**AVAILABLE RECORDS**:
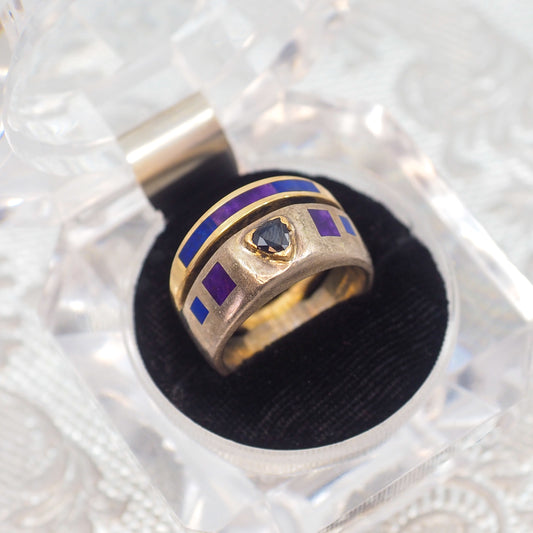 Vintage 1990s Sterling Silver, Lab Sapphire, Sugilite, Lapis, Vermeil Double Band Ring Size 8
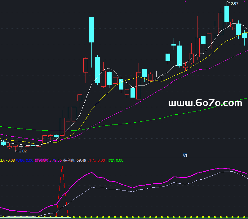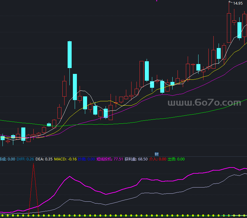 03 指标适配:不是所有股票都配得上这个“神器”这个指标最适合三类股票:一是超跌后缩量的“黄金坑”个股,比如连续3日换手率低于2%且股价接近60日均线;二是突破平台时量能温和放大的趋势股,比如MACD在0轴附近金叉;三是游资爱炒的“小而美”题材股,市值50亿以下、筹码集中度高的更易触发信号。
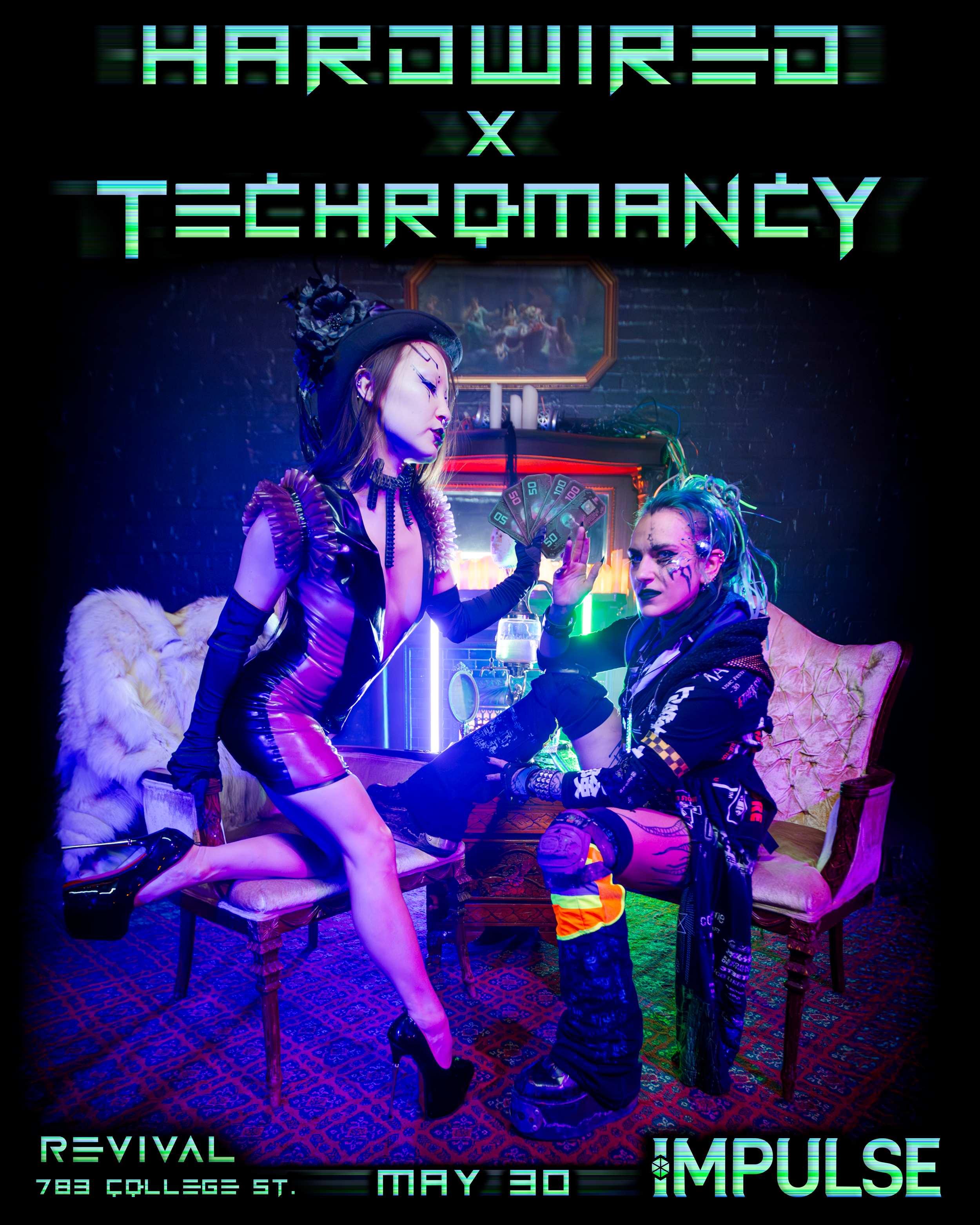 A brand new hybrid event, combining cyberpunk decor, performance art, dungeon space and roleplaying to the soundtrack of techno, industrial, and heavy bass music. A multi-floor, multi-stage immersive event, from the nebulous underground to the lavish and decadent gala, or the exclusive Impulse Lounge.
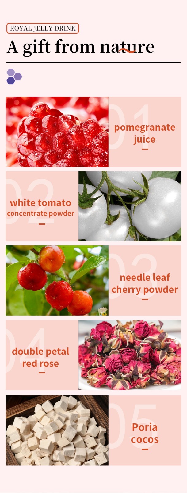 • Royal Jelly นมผึ้ง ช่วยเติมเต็มสารอาหารที่ผิวต้องการ ให้ผิวดูชุ่มชื้น เปล่งปลั่ง
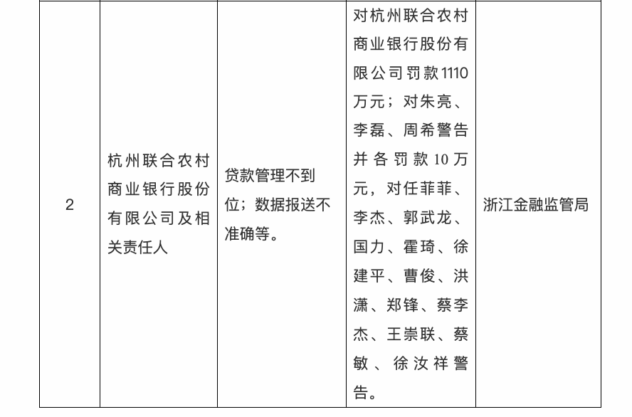 上周,杭州联合银行因贷款管理不到位、数据报送不准确等违规事实,被处以1110万元罚款,同时16名相关责任人被追责,其中3人各被罚款10万元。
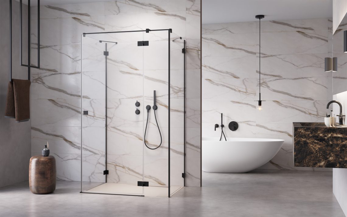 W ramach programu Radaway „Na Miarę” można zamówić czarne kabiny prysznicowe idealnie dopasowane do wymiarów i układu wnętrza.
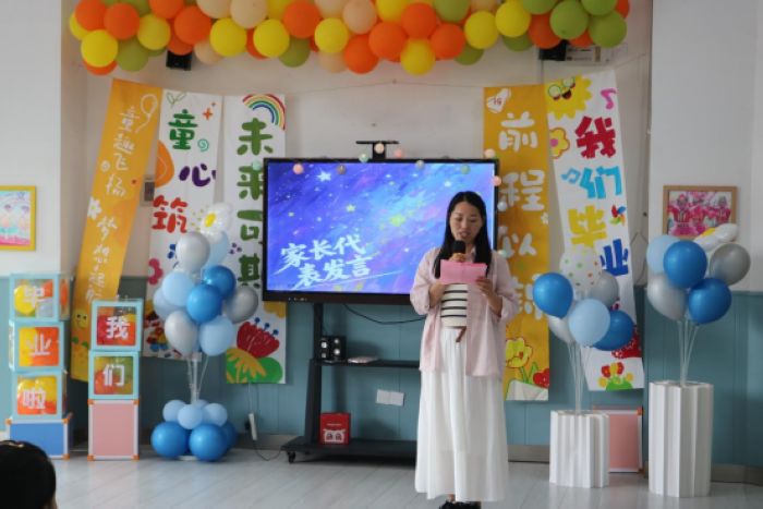 典礼在主持人深情的开场白中拉开了序幕,屏幕上播放了孩子们在园生活的精彩瞬间,从初入园的懵懂到如今的自信满满,每一个画面都记录着孩子们的成长轨迹。幼儿代表与家长代表相继发言,表达了对幼儿园、老师及小伙伴们的感激之情,以及对未来的美好期许。孩子们还用精彩的节目展示了在园期间学到的才艺与技能,赢得了阵阵掌声与喝彩。
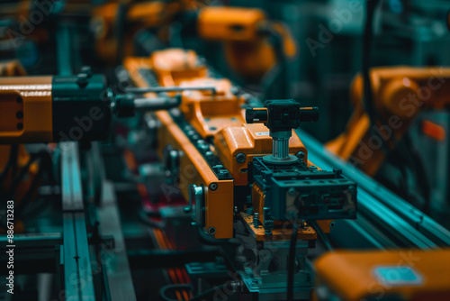 Industrial Robotic Arm Assembly Line Close-up
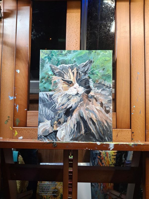 Pricing varies, based on size, number of animals, and background. For example, a 12" x 16" painting of a single animal with provided reference photos (as sharp as possible, please) is $600. Venmo, PayPal, Zelle, and cash are accepted.
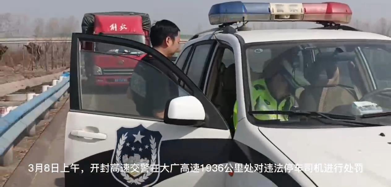 2023年3月8日上午,开封高速交警支队一大队大队长朱刚带领辅警李成龙、赵超群巡逻至大广高速1936公里处时,发现一辆货车停在应急停车岛内,未按要求开启双闪灯,也未摆放三角牌。于是民警立即在车后方做好安全防护措施后,到达车旁查看,发现驾驶员正在驾驶室内玩手机,民警立即对驾驶员的行为进行制止,并把司机带到安全区域,询问情况。

**WHAT YOU SHOULD DO**: All that is needed is the exact run of lines from the start of the material above through the one containing "W ramach programu", pictures left out.

**ANSWER BOX**:
 Vintage 1990s Sterling Silver, Lab Sapphire, Sugilite, Lapis, Vermeil Double Band Ring Size 8
 03 指标适配:不是所有股票都配得上这个“神器”这个指标最适合三类股票:一是超跌后缩量的“黄金坑”个股,比如连续3日换手率低于2%且股价接近60日均线;二是突破平台时量能温和放大的趋势股,比如MACD在0轴附近金叉;三是游资爱炒的“小而美”题材股,市值50亿以下、筹码集中度高的更易触发信号。
 A brand new hybrid event, combining cyberpunk decor, performance art, dungeon space and roleplaying to the soundtrack of techno, industrial, and heavy bass music. A multi-floor, multi-stage immersive event, from the nebulous underground to the lavish and decadent gala, or the exclusive Impulse Lounge.
 • Royal Jelly นมผึ้ง ช่วยเติมเต็มสารอาหารที่ผิวต้องการ ให้ผิวดูชุ่มชื้น เปล่งปลั่ง
 上周,杭州联合银行因贷款管理不到位、数据报送不准确等违规事实,被处以1110万元罚款,同时16名相关责任人被追责,其中3人各被罚款10万元。
 W ramach programu Radaway „Na Miarę” można zamówić czarne kabiny prysznicowe idealnie dopasowane do wymiarów i układu wnętrza.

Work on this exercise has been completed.